November 23rd, 2016
Will United States Supreme Court Eviscerate Affordable Care Act?
On March 4th, the United States Supreme Court heard oral arguments on the following question presented in the case of King v. Burwell: “Whether the IRS may permissibly promulgate regulations to extend tax credit subsidies to coverage purchased through exchanges established by the federal government under Section 1321 of the PPACA?”
At the heart of this dispute is Section 1401 (b)(2)(A) of the Patient Protection and Affordable Care Act (“ACA”), which describes taxpayers who are eligible for subsidies under the Act as those enrolled in health care plans acquired “through an Exchange established by a State” under Section 1311 (1) of the Act. Only sixteen states and the District of Columbia set up their own exchanges. No one disputes that consumers who shop in those states are eligible for subsidies. Rather, the dispute surrounds regulations the IRS promulgated that extended the tax credits to qualifying citizens who obtained insurance through a federally run exchange, in addition to those who signed up for insurance on a state run exchange.
The challengers (those attacking the Act) argued yesterday that the ACA language providing that subsidies are only available to those who enroll in a health care plan “through an exchange established by a State” is clear, and thus subsidies are not available for the residents of those states that decided against establishing their own exchanges. The challengers further contend that Congress was intent on giving the states the primary choice of whether to set up an exchange, using the subsidy system as an incentive to get them to go along, and thus must accept the consequence of some states declining to do so.
Counsel for the Government countered that this is a complex law, with the purpose of setting up a nationwide system, and many parts of the law’s content point to a universal system of exchanges operating within the subsidy system. The government further argued that Congress intended for each state to have an exchange, with the same basic characteristics-including subsidies-irrespective of whether the state itself or the federal government set up that exchange. The Court’s more liberal members, Justices Stephen G. Breyer, Ruth Bader Ginsburg, Elena Kagan, and Sonia Sotomayor are expected to agree with this argument and left little to no doubt that they would vote to uphold the nationwide subsidy system – in the thirty-four states where the insurance marketplace is run by the federal government, as well as in the sixteen where states set up their own.
Questions from Justice Anthony Kennedy, whose vote is often seen as a tiebreaker between liberals and conservatives on the Court, suggested that an argument for striking down the government subsidies raises a ‘serious’ constitutional problem – that Congress should ordinarily not be allowed to coerce the states into doing something that Congress wants.
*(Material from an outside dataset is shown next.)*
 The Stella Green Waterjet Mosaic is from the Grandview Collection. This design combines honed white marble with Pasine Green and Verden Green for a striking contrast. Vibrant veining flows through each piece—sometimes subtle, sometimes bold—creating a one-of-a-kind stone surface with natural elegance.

However, Justice Kennedy also showed concern that striking down the subsidies in states that did not set up their own exchange would cause a ‘death spiral’ for the ACA. The two Justices who appeared to be most openly sympathetic to the challengers – Justices Samuel A. Alito, Jr., and Antonin Scalia – also appeared to concede that a ruling in favor of the challengers could result in harsh consequences, but they offered suggestions to alleviate them. Justice Alito said the Court could delay its ruling to allow time to adjust and that “[i]t would not be too late,” he said, for those states to create exchanges to qualify their citizens for subsidies, and “going forward there could be no harm.” Justice Scalia stated that “[i]t may not be the statute Congress intended, but it may be the statute Congress wrote,” and suggested that Congress should be the one to fix the issue. Although Justice Clarence Thomas did not ask questions or say anything at all during the arguments, most assume that he will vote for the challengers, which likely leaves Chief Justice John G. Roberts, Jr., and Justice Kennedy with the deciding votes.
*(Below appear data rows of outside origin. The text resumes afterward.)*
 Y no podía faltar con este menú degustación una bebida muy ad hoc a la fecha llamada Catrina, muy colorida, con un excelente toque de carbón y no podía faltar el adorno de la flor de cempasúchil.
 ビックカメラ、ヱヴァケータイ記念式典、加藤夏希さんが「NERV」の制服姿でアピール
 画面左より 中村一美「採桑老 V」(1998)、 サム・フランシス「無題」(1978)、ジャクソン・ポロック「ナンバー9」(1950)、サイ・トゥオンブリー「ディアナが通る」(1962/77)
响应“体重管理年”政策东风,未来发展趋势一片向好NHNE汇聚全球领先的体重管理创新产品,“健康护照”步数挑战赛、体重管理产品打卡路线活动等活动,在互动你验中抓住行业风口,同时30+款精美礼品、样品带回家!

The Obama administration has also talked about the possibility of a “death spiral” type collapse of the entire ACA if the subsidy challenge succeeds, but recently acknowledged that it did not have a contingency plan in mind. However, alternative plans have been offered recently by Senate and House Republicans who have announced proposals for health care reform that would include insurance protections, tax credits and state flexibility provisions which appear to overlap with current protections set forth in the ACA.
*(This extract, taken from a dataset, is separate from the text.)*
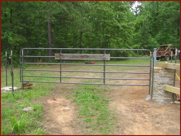 We saved the old "Brushy Land" sign and put it on the new gate.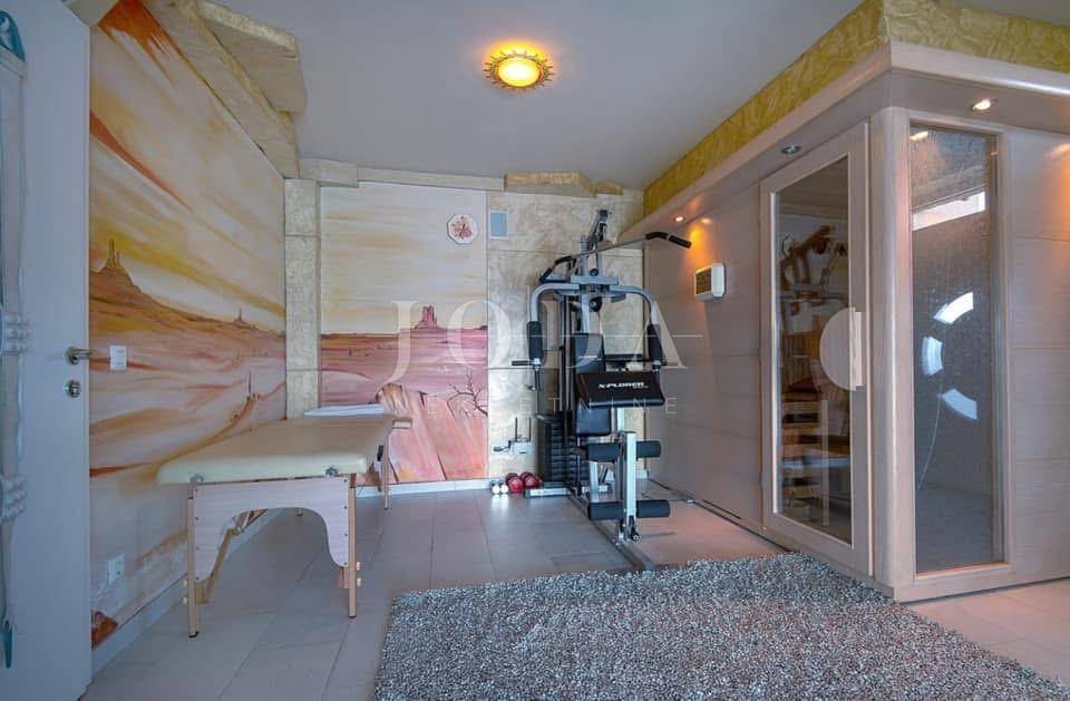 A special highlight is the wellness facilities the house features a swimming pool with counter-current swimming and 27 hydromassage jets, a Finnish sauna, and a private gym. Additionally, there is a social room with a kitchen, two laundry rooms, an ironing room, a pool machine room, and a basement.

How does this affect employers? Employer penalties are only triggered when an employee signs up for coverage in an exchange and receives a premium tax credit (or subsidy).If the U.S. Supreme Court rules that the IRS regulations extending tax credits to individuals who purchase insurance through the federal marketplace are impermissible, the employer mandate may be rendered meaningless in those states that have not set up their own exchanges. If no premium tax subsidies are available in those states that do not establish their own exchanges, the employer mandate penalties will not be triggered in those states. A decision in this case is expected in June 2015. For now, the employer mandate remains intact and employers must continue to follow their ACA compliance strategies.